I’ve always known that American cell phone companies are evil: they have shitty, unreliable networks, enormous advertising budgets, and miniscule R&D budgets. But Verizon has taken things to a level even I wouldn’t have predicted.

We’re not living in anything close to the efficient market dreamed of by my economist friends like Robin Hanson. The invisible hand has palsy and four missing fingers. And the proof is that, when a company like Verizon pulls a Monty Burns, there’s almost no risk it runs — almost nothing it fears. Indeed, about the only risk it does run is that some of its customers might have blogs — and that some of the savvier readers of those blogs might figure out how to hack the crippled phones and share that information with the world…

Intellectual whack-a-mole

Thursday, August 9th, 2007

Several readers have now written to me independently, asking for my reaction to the following paper:

An Optical Solution For The Traveling Salesman Problem
Tobias Haist and Wolfgang Osten

Abstract: We introduce an optical method based on white light interferometry in order to solve the well-known NP–complete traveling salesman problem. To our knowledge it is the first time that a method for the reduction of non–polynomial time to quadratic time has been proposed. We will show that this achievement is limited by the number of available photons for solving the problem. It will turn out that this number of photons is proportional to NN for a traveling salesman problem with N cities and that for large numbers of cities the method in practice therefore is limited by the signal–to–noise ratio. The proposed method is meant purely as a gedankenexperiment.
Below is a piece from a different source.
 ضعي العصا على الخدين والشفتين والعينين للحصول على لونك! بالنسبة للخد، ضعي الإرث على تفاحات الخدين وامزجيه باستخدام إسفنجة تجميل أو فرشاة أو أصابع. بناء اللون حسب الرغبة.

Look, this is really not hard. You really don’t need a world CompuCrackpotism expert to tell you what to think of this. If you read carefully, the authors were actually kind enough to explain themselves, right in the abstract, why their proposal doesn’t scale. (This, of course, is entirely to their credit, and puts them above ~98% of their colleagues in the burgeoning intersection of computer science, physics, and non-correctness.)
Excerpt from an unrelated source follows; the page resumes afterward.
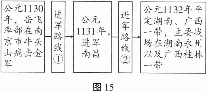 (2)读图13和图15,公元1130年至公元1132年,岳飞率军一路南下,进军线路①抵达的南昌市所在省级行政区的简称为

Hint: If the number of photons scales exponentially with N, and the photons have high enough energies that you can detect them, then the energy also scales exponentially with N. So by the Schwarzschild bound, the volume also scales exponentially with N; therefore, by locality, so does the time.

German comedy

Sunday, August 5th, 2007

I know I’ve been a derelict blogger since moving to MIT, allowing far, far too many of you to concentrate on work. But today I’m back with some quality procrastination material.

My colleague (and sometime überliberal commenter on this blog) Aram Harrow points me to a safety video for German forklift-truck drivers, which was posted to YouTube with English subtitles. As Aram says, it starts slow but is definitely worth watching to the end.
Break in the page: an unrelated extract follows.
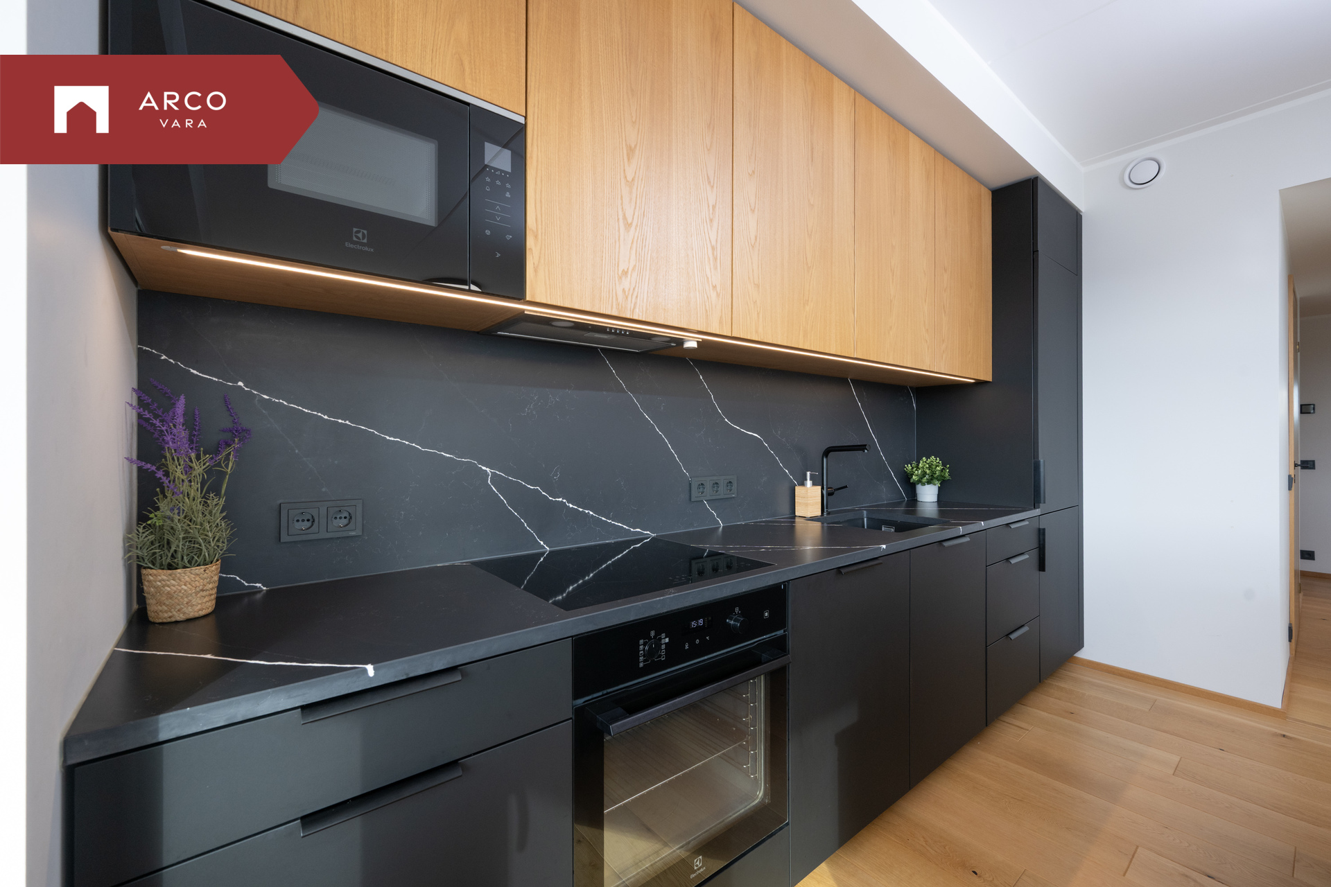Hinnas sisaldub kogu sisseehitatud mööbel esikus, vannitoas, panipaigas ja köögis koos kvaliteetse integreeritud köögitehnikaga. Köögi töötasapind on vastupidav kvartskivi ja köögisaare tasapind naturaalne tamm. Saarel asuvad mugavalt integreeritud pistikupesad, mis lisavad igapäevaelule mugavust.

It’s funny: just this weekend, I was volunteering with the Cornell Alumni Association at the Greater Boston Food Bank. My job was to unload 40-pound boxes of canned goods from a forklift truck and place them on a conveyor belt. (And no, this is not something I’d normally do. Normally I’d offer to write a check to pay for ten people stronger than I am to unload boxes for the needy. Long story short, I was invited to do this by an individual of female persuasion.)

The whole time I was unloading boxes, I too was a bit worried about forklift safety — but, as I now know, not nearly as worried as I should have been.